§ **DESCRIPTION OF THE TASK**
The lines below from the one with "113.03.28 跨站天橋東出入口臨軌側鋼板樁拔樁作業" up to and including the one with "Dieses Design zeichnet" are what you should set down, exactly and without pictures.

§ **RECORDS SUPPLIED**
· · · ·

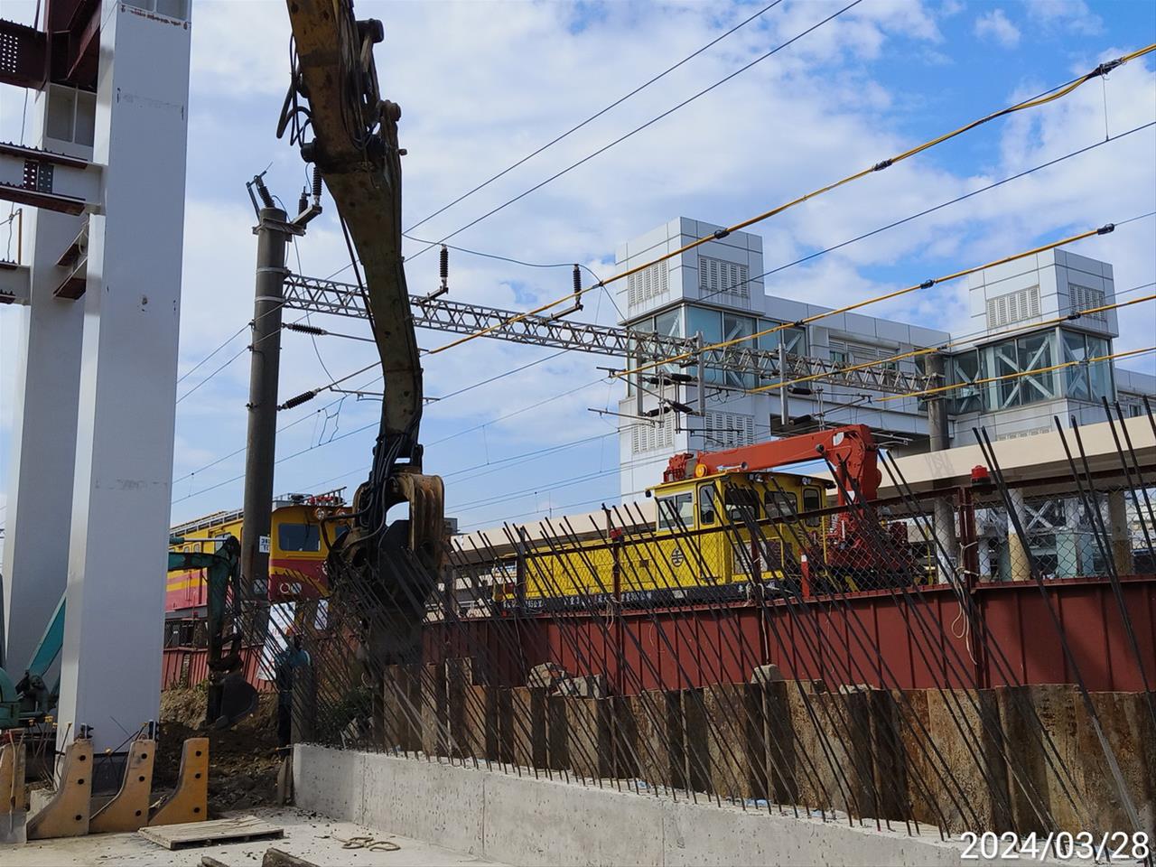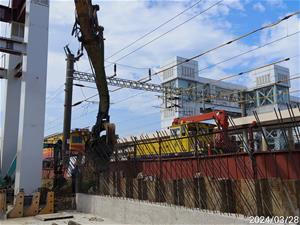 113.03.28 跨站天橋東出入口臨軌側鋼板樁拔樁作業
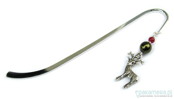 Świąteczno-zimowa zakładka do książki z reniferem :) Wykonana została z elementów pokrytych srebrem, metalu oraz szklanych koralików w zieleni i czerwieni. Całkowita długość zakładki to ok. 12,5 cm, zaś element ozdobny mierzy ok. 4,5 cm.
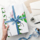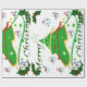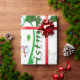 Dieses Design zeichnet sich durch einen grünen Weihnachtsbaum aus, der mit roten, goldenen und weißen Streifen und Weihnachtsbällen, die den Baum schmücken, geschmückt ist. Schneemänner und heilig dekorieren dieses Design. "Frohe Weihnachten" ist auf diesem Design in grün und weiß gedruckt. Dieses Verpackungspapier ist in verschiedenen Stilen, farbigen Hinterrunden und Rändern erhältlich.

· · · ·

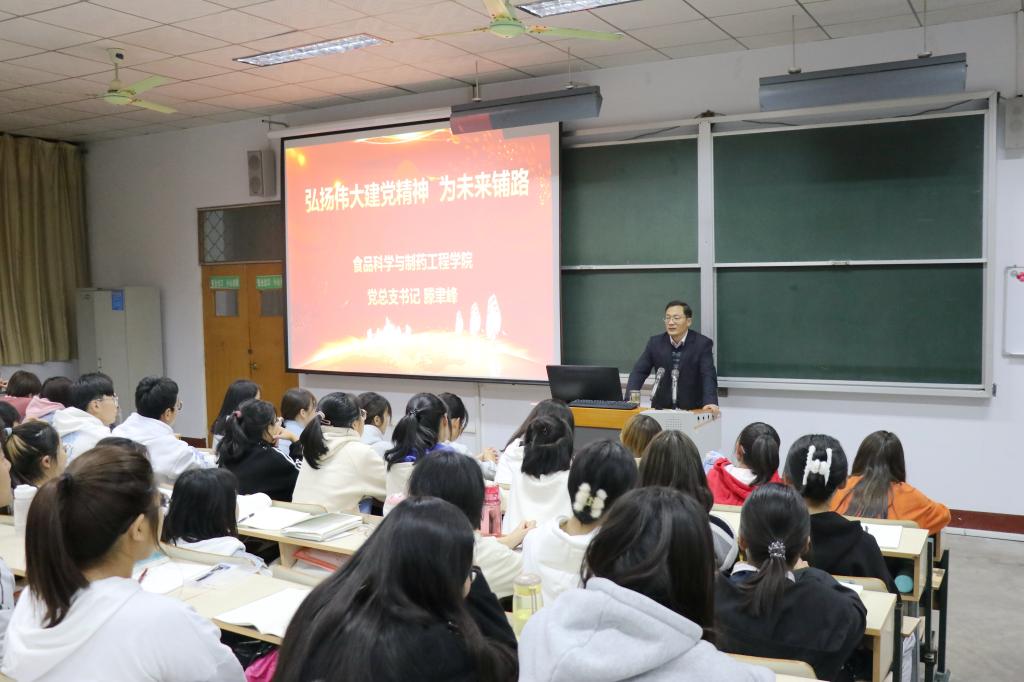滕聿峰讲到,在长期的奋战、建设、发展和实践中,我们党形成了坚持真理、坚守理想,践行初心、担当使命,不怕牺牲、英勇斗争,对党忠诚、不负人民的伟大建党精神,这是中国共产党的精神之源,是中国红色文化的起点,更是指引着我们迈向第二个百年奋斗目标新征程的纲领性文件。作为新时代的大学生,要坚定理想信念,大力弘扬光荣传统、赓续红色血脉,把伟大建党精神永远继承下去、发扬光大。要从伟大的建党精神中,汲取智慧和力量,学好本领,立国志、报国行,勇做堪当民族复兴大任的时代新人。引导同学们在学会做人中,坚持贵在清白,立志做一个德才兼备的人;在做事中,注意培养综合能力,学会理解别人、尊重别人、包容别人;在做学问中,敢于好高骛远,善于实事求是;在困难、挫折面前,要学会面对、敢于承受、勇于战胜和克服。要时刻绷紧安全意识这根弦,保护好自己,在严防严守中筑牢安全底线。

· · · ·

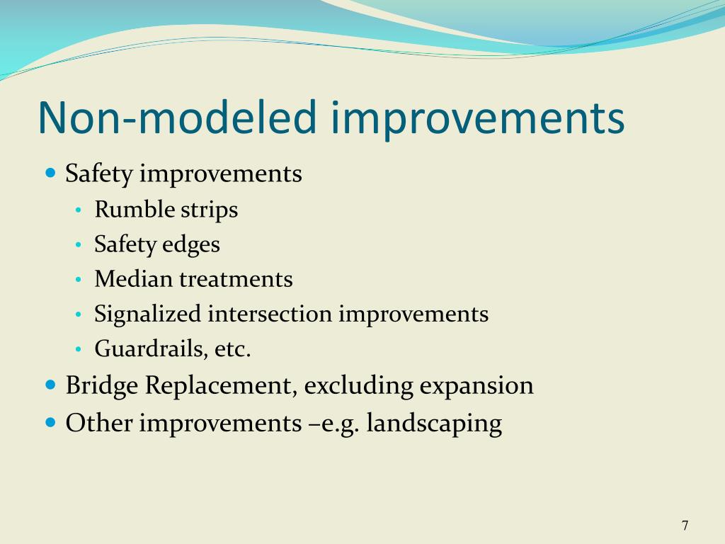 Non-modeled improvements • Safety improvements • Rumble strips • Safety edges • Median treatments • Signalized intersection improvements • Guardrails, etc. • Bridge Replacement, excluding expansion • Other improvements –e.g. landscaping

· · · ·

§ **SOLUTION TO THE PROBLEM**
 113.03.28 跨站天橋東出入口臨軌側鋼板樁拔樁作業
 Świąteczno-zimowa zakładka do książki z reniferem :) Wykonana została z elementów pokrytych srebrem, metalu oraz szklanych koralików w zieleni i czerwieni. Całkowita długość zakładki to ok. 12,5 cm, zaś element ozdobny mierzy ok. 4,5 cm.
 Dieses Design zeichnet sich durch einen grünen Weihnachtsbaum aus, der mit roten, goldenen und weißen Streifen und Weihnachtsbällen, die den Baum schmücken, geschmückt ist. Schneemänner und heilig dekorieren dieses Design. "Frohe Weihnachten" ist auf diesem Design in grün und weiß gedruckt. Dieses Verpackungspapier ist in verschiedenen Stilen, farbigen Hinterrunden und Rändern erhältlich.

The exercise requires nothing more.